— Problem details —
Leaving out all images, write out the records that follow exactly.

********

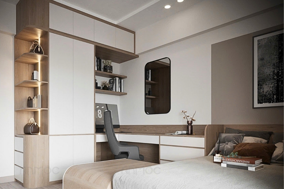 Chung cư thường có diện tích vừa – nhỏ, không gian kín. Gỗ công nghiệp phủ Melamine/Laminate là lựa chọn phù hợp nhờ trọng lượng nhẹ, chống ẩm tốt, giá hợp lý và dễ phối phong cách nội thất hiện đại.
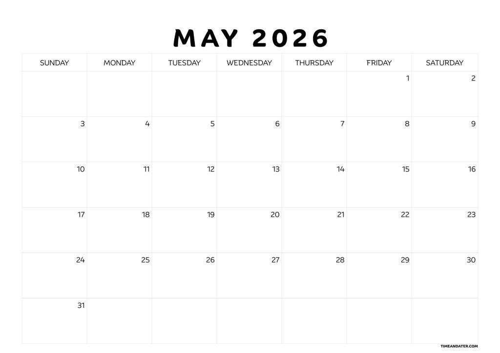 Timedater offers printables that give you instant access to templates. Anyone can get organized easily because they can download them. To find choices, type “printable May calendar” or “printable May 2026 calendar” into a search bar on Timedater. Most of them are in PDF format. Make sure that the month May 2026 calendar meets your needs, such as including holidays. We offer a free downloadable calendar; however, the same calendar could cost you some dollars on Etsy.
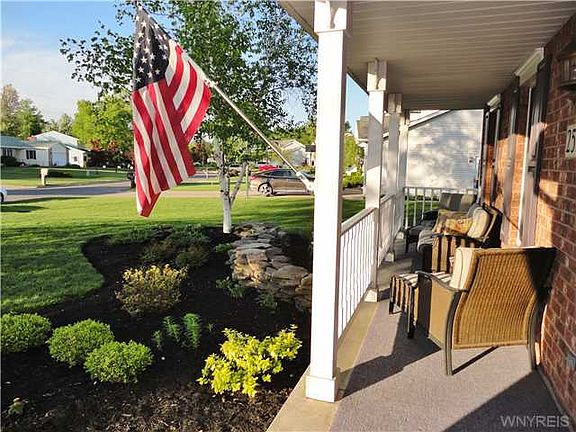 Impeccable, comfortable & inviting-Updated throughout. Warm wooden kitchen cabinetry,granite counters, island, SS appliances, ceramic flr & sunny eating area has sliding drs to patio. Open fam rm w/beamed cathedral ceil, WBFP & roundtop windows. Entertain in the din/liv rms or French doors for quiet space. Convenient 2nd fl laundry. Remodeled main & master(Corian shower & vanity) baths. Newer flooring,6 panel drs,WI closets,central air. Bsmt rec rm, gls blk wind, HE furnace 2015. Beautiful landscaping, covered frt porch, fenced bk yd, unilock patio w Sunsetter awning! Showings start Tues 5/26
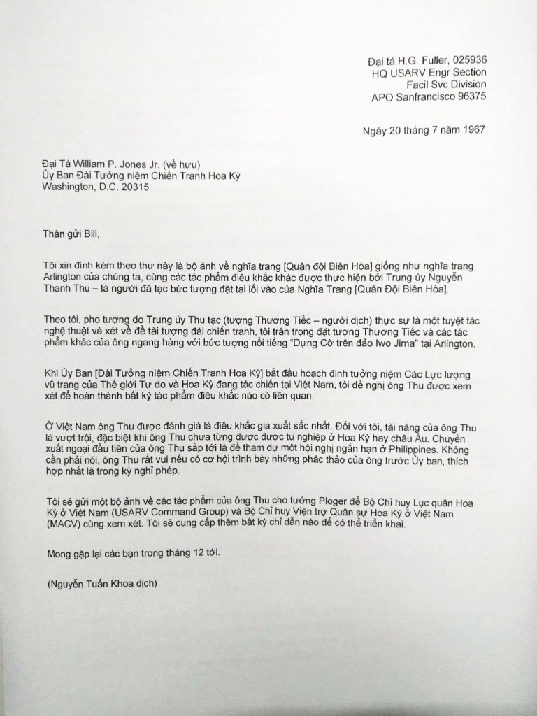 Mỗi năm, tháng tư lại về và gợi lên những nỗi niềm tiếc nhớ xa xôi, quê hương đã ngàn trùng cũng như xót thương vô vàn những người thua cuộc, tài bất trùng thời, trong đó có điêu khắc gia, đại úy Nguyễn Thanh Thu. Những ngày cuối đời, xin cầu mong cho ông được bình yên giữa cuộc đời nhiều giông bão.
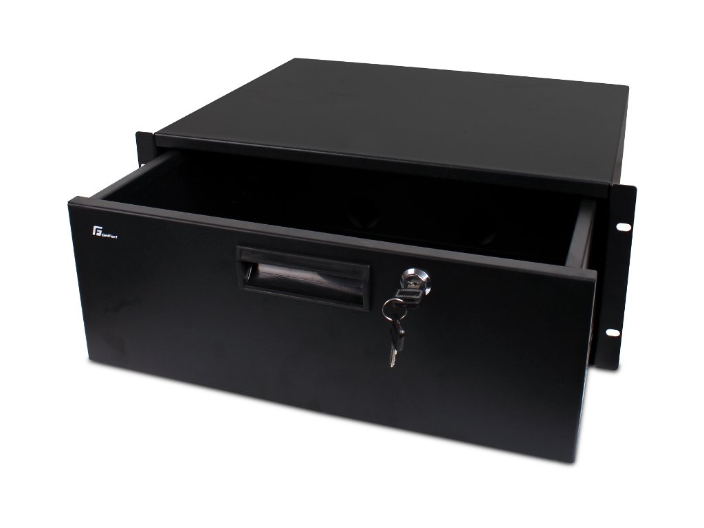Szuflady rack przeznaczone do przechowywania, dodatkowego zabezpieczenia dokumentów, lub innych przedmiotów wewnątrz szafy rack.
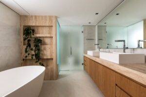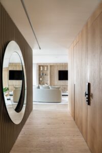 Desde o início, a arquiteta realizou um estudo detalhado de briefing. Esse cuidado refletiu-se em cada decisão tomada ao longo do projeto. A arquiteta partiu do desejo da cliente de ter o mármore travertino bruto como elemento central do projeto, aplicando-o não apenas no piso, mas também em outros detalhes do apartamento. O uso do travertino e da lâmina natural de carvalho branco tornou-se a base estética para a composição do espaço, que valoriza materiais naturais e duráveis, com um toque de sofisticação.
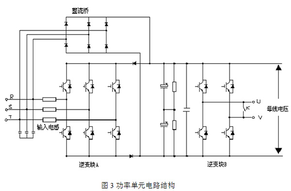 JD-BP37-280T型高壓提升變頻調(diào)速器采用進口IGBT為主控器件,采用先進的矢量控制調(diào)速技術,以DSP為控制核心,精心巧妙科學的程序邏輯,以彩色液晶觸摸屏為人機對話界面,科學人性化的界面語言,全中文的語言顯示,便于操作及查詢。風光牌高壓提升機變頻器,即可用于鼠籠式電機也可用于繞線式電機,即可用于新礦井配套安裝,也可用于老礦井改造。風光6kV高壓提升變頻器,采用若干個低壓逆變器功率單元串聯(lián)的方式實現(xiàn)直接高壓輸出,所用的6kV高壓提升變頻器,變壓器有18組付邊繞組,每相分為6個功率單元,三相共18個單元,采用36脈沖整流,輸入端的諧波成分低于國標規(guī)定。高壓提升變頻器系統(tǒng)結(jié)構(gòu)如圖2所示。功率單元電路如圖3所示。
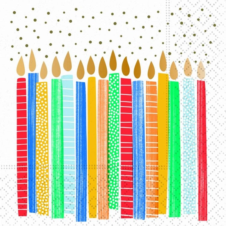 Add some color and lights to the birthday celebration with these cocktail napkins! They have lots of primary colored candles and gold foil accents to make it a blowout celebration.

********

— Exercise output —
 Chung cư thường có diện tích vừa – nhỏ, không gian kín. Gỗ công nghiệp phủ Melamine/Laminate là lựa chọn phù hợp nhờ trọng lượng nhẹ, chống ẩm tốt, giá hợp lý và dễ phối phong cách nội thất hiện đại.
 Timedater offers printables that give you instant access to templates. Anyone can get organized easily because they can download them. To find choices, type “printable May calendar” or “printable May 2026 calendar” into a search bar on Timedater. Most of them are in PDF format. Make sure that the month May 2026 calendar meets your needs, such as including holidays. We offer a free downloadable calendar; however, the same calendar could cost you some dollars on Etsy.
 Impeccable, comfortable & inviting-Updated throughout. Warm wooden kitchen cabinetry,granite counters, island, SS appliances, ceramic flr & sunny eating area has sliding drs to patio. Open fam rm w/beamed cathedral ceil, WBFP & roundtop windows. Entertain in the din/liv rms or French doors for quiet space. Convenient 2nd fl laundry. Remodeled main & master(Corian shower & vanity) baths. Newer flooring,6 panel drs,WI closets,central air. Bsmt rec rm, gls blk wind, HE furnace 2015. Beautiful landscaping, covered frt porch, fenced bk yd, unilock patio w Sunsetter awning! Showings start Tues 5/26
 Mỗi năm, tháng tư lại về và gợi lên những nỗi niềm tiếc nhớ xa xôi, quê hương đã ngàn trùng cũng như xót thương vô vàn những người thua cuộc, tài bất trùng thời, trong đó có điêu khắc gia, đại úy Nguyễn Thanh Thu. Những ngày cuối đời, xin cầu mong cho ông được bình yên giữa cuộc đời nhiều giông bão.
Szuflady rack przeznaczone do przechowywania, dodatkowego zabezpieczenia dokumentów, lub innych przedmiotów wewnątrz szafy rack.
 Desde o início, a arquiteta realizou um estudo detalhado de briefing. Esse cuidado refletiu-se em cada decisão tomada ao longo do projeto. A arquiteta partiu do desejo da cliente de ter o mármore travertino bruto como elemento central do projeto, aplicando-o não apenas no piso, mas também em outros detalhes do apartamento. O uso do travertino e da lâmina natural de carvalho branco tornou-se a base estética para a composição do espaço, que valoriza materiais naturais e duráveis, com um toque de sofisticação.
 JD-BP37-280T型高壓提升變頻調(diào)速器采用進口IGBT為主控器件,采用先進的矢量控制調(diào)速技術,以DSP為控制核心,精心巧妙科學的程序邏輯,以彩色液晶觸摸屏為人機對話界面,科學人性化的界面語言,全中文的語言顯示,便于操作及查詢。風光牌高壓提升機變頻器,即可用于鼠籠式電機也可用于繞線式電機,即可用于新礦井配套安裝,也可用于老礦井改造。風光6kV高壓提升變頻器,采用若干個低壓逆變器功率單元串聯(lián)的方式實現(xiàn)直接高壓輸出,所用的6kV高壓提升變頻器,變壓器有18組付邊繞組,每相分為6個功率單元,三相共18個單元,采用36脈沖整流,輸入端的諧波成分低于國標規(guī)定。高壓提升變頻器系統(tǒng)結(jié)構(gòu)如圖2所示。功率單元電路如圖3所示。
 Add some color and lights to the birthday celebration with these cocktail napkins! They have lots of primary colored candles and gold foil accents to make it a blowout celebration.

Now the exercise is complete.